SUPPLIED DATA START

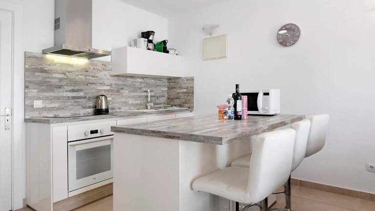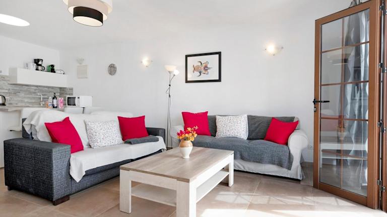 Die Ferienwohnung ist ausgestattet mit zwei Schlafzimmern und zwei Badezimmern. Es sind Bettwäsche und Handtücher vorhanden. Ein TV mit Satellitenkanälen sorgt für Unterhaltung, während eine voll ausgestattete Küche für das leibliche Wohl sorgt. Die Terrasse bietet einen schönen Meerblick.
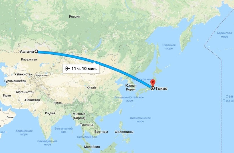 Нур-Султан (Астана) — Токио — маршрут на карте
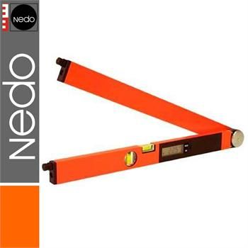 Kątomierz elektroniczny NEDO LaserWinkeltronic 605mm z modułem laserowym W oparciu niezawodną elektronikę został opracowany kątomierz Nedo LaserWinkeltronik , dzięki któremu można mierzyć i przenosić kąty. Duży wyświetlacz w przejrzysty sposób wyświetla wyniki pomiaru. Funkcja HOLD umożliwia zachowanie wartości pomiarowej na wyświetlaczu. Libella pozioma i pionowa umożliwia idealnie utrzymać kątomierz w pionie lub poziomie. Kątomierz można wyzerować w dowolnym położeniu ramion co pozwala dokonywać pomiarów pośrednich od już pomierzonych kątów. Dwie baterie zapewniają 40 godzin ciągłej pracy.Kątomierz wbudowany ma moduł laserowy który umożliwia "przedłużenie" ramion do 20m . Idealnie nadaje się do budowy schodów lub branż gdzie wymagane jest tyczenie kątów na dłuższych odległościach. Parametry kątomierza: Długość ramienia: 605mm Dokładność: 0,1° Rozdzielczość: 0,1° Zakres pomiaru: 0° - 360° Ciężar: 1.40 kg Wbudowane libelle pozioma i pionowa Klasa lasera: II klasa, 650nm Zasięg: 20m Dwa moduły laserowe

SUPPLIED DATA END

PROBLEM: Would you print the whole listing exactly, omitting the pictures?

SOLUTION FOR THIS EXERCISE:
 Die Ferienwohnung ist ausgestattet mit zwei Schlafzimmern und zwei Badezimmern. Es sind Bettwäsche und Handtücher vorhanden. Ein TV mit Satellitenkanälen sorgt für Unterhaltung, während eine voll ausgestattete Küche für das leibliche Wohl sorgt. Die Terrasse bietet einen schönen Meerblick.
 Нур-Султан (Астана) — Токио — маршрут на карте
 Kątomierz elektroniczny NEDO LaserWinkeltronic 605mm z modułem laserowym W oparciu niezawodną elektronikę został opracowany kątomierz Nedo LaserWinkeltronik , dzięki któremu można mierzyć i przenosić kąty. Duży wyświetlacz w przejrzysty sposób wyświetla wyniki pomiaru. Funkcja HOLD umożliwia zachowanie wartości pomiarowej na wyświetlaczu. Libella pozioma i pionowa umożliwia idealnie utrzymać kątomierz w pionie lub poziomie. Kątomierz można wyzerować w dowolnym położeniu ramion co pozwala dokonywać pomiarów pośrednich od już pomierzonych kątów. Dwie baterie zapewniają 40 godzin ciągłej pracy.Kątomierz wbudowany ma moduł laserowy który umożliwia "przedłużenie" ramion do 20m . Idealnie nadaje się do budowy schodów lub branż gdzie wymagane jest tyczenie kątów na dłuższych odległościach. Parametry kątomierza: Długość ramienia: 605mm Dokładność: 0,1° Rozdzielczość: 0,1° Zakres pomiaru: 0° - 360° Ciężar: 1.40 kg Wbudowane libelle pozioma i pionowa Klasa lasera: II klasa, 650nm Zasięg: 20m Dwa moduły laserowe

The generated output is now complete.